Er führt aus: Unabhängig davon, dass die Beantragung der Investitionsförderung für den einzelnen Betrieb sinnvoll sein kann und auch einzelbetrieblich geprüft werden sollte, zeigt die Tatsache von erst 100 Anträgen zur Investitionsförderung, dass die Zugangsvoraussetzungen sehr hoch sind und die Genehmigungshürden nach wie vor den Umbau auf den meisten Betrieben verhindern. Zudem reden wir hier über Förderanträge, von denen nicht klar ist, ob sie auch genehmigt werden.

Staack geht auch auf die Förderung der laufenden Kosten durch den Bund ein: Hier bekommt das Ganze ein noch bittereres Geschmäckle. Diese Förderung ist aus unserer Sicht ganz klar eine Klientelförderung für die alternativ wirtschaftenden Betriebe. Konventionelle Betriebe sind hier nur zu einem sehr geringen Anteil aufgehoben, weil die Kriterien nur schwer erreichbar und auf die ohnehin alternativen wirtschaftenden (Bio-)Betriebe zugeschnitten sind, die diese Förderung dankend mitnehmen. Konventionelle Betriebe haben dagegen große Schwierigkeiten, die notwendige Umbaugenehmigung zu bekommen.

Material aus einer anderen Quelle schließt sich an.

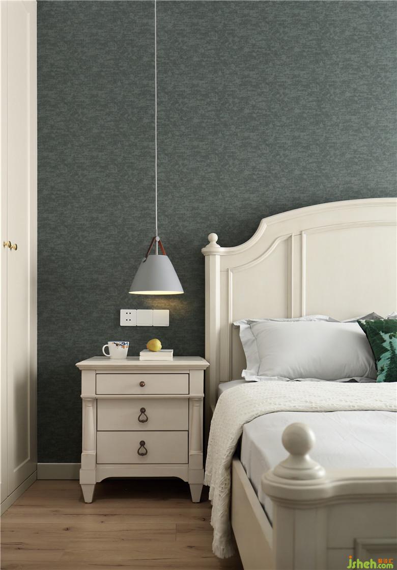 臥室墻紙室內(nèi)設(shè)計(jì)師選用了灰綠色,而家具則以白色銜接,并與地板的木色形成柔和的過渡,讓整個(gè)畫面融洽起來,帶來一種經(jīng)歷生活洗禮的溫暖氛圍。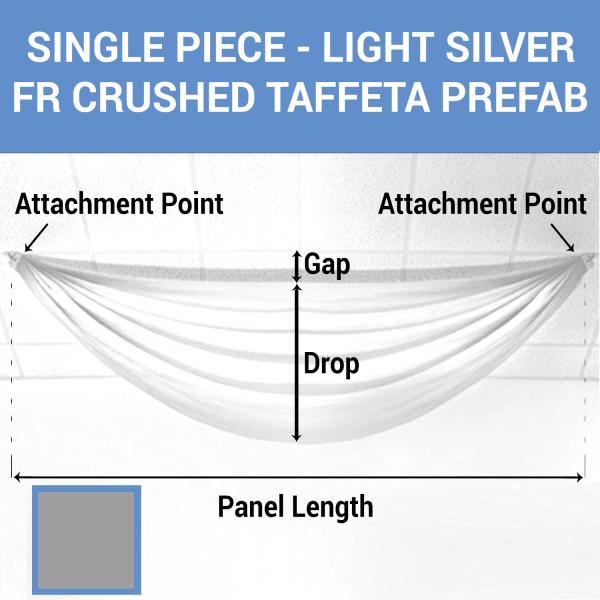 This splendid light silver crushed taffeta prefabricated ceiling drape panel adds a touch of elegance to your decor and stands out in your custom ceiling drapings. Our light silver panels are made with crushed taffeta for a textured look on a light silver silky hand-sewn fabric panel. These panels can be washed and are fire-resistant.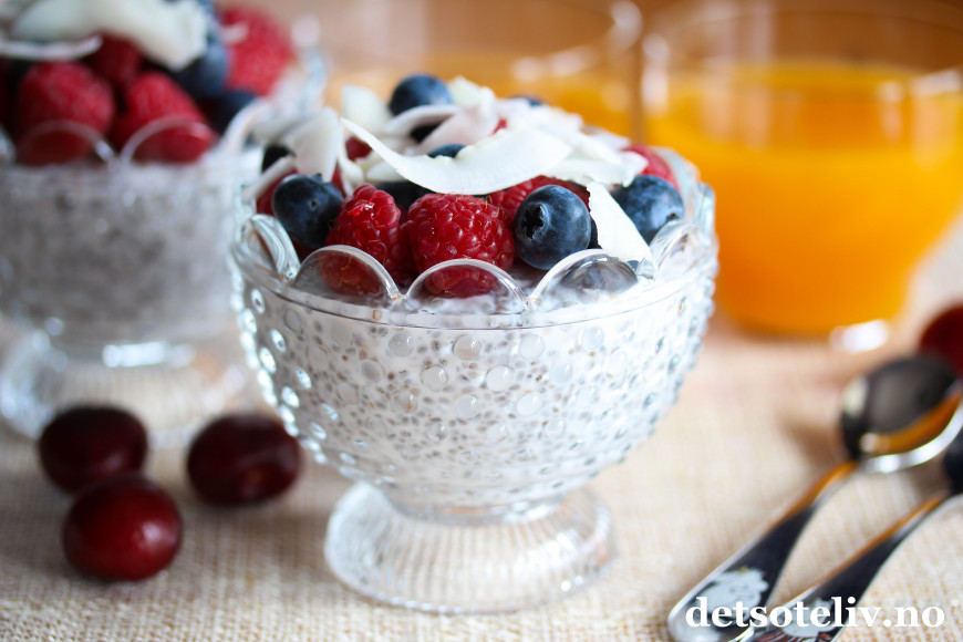 Her har jeg blandet chiafrø med kokosmelk, og serverer den ferdige chiapuddingen med friske bær og kokosflak.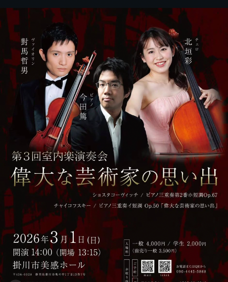 今田篤さん、對馬哲男さん、北垣彩さんによるピアノ三重奏(ピアノ・ヴァイオリン・チェロ)を聴きに行ってきました。

Zusammenfassend lässt sich festhalten, dass die hoch gesteckten Ziele der Politik zum Umbau der Tierhaltung so nur verfehlt werden können. Auf der einen Seite geht man mit der Bundesförderung einen ganz kleinen Schritt nach vorne, auf der anderen Seite geht man gleich mehrere Schritte zurück und legt den Schweinehaltern immer mehr Steine auf den ohnehin steinigen Weg. Nicht umsonst schreibt der Bundesrat in seinen Empfehlungen zur Novelle des Tierschutzgesetzes: Die immer weiter hochgeschraubten Anforderungen und geradezu explodierende Bürokratie überfordert die Betriebe längst. Da hilft es auch nicht, wenn der Bundeslandwirtschaftsminister Cem Özdemir in seine Pressemeldung durch warme Worte Schönwetter macht, aber auf der anderen Seite entgegengesetzt handelt.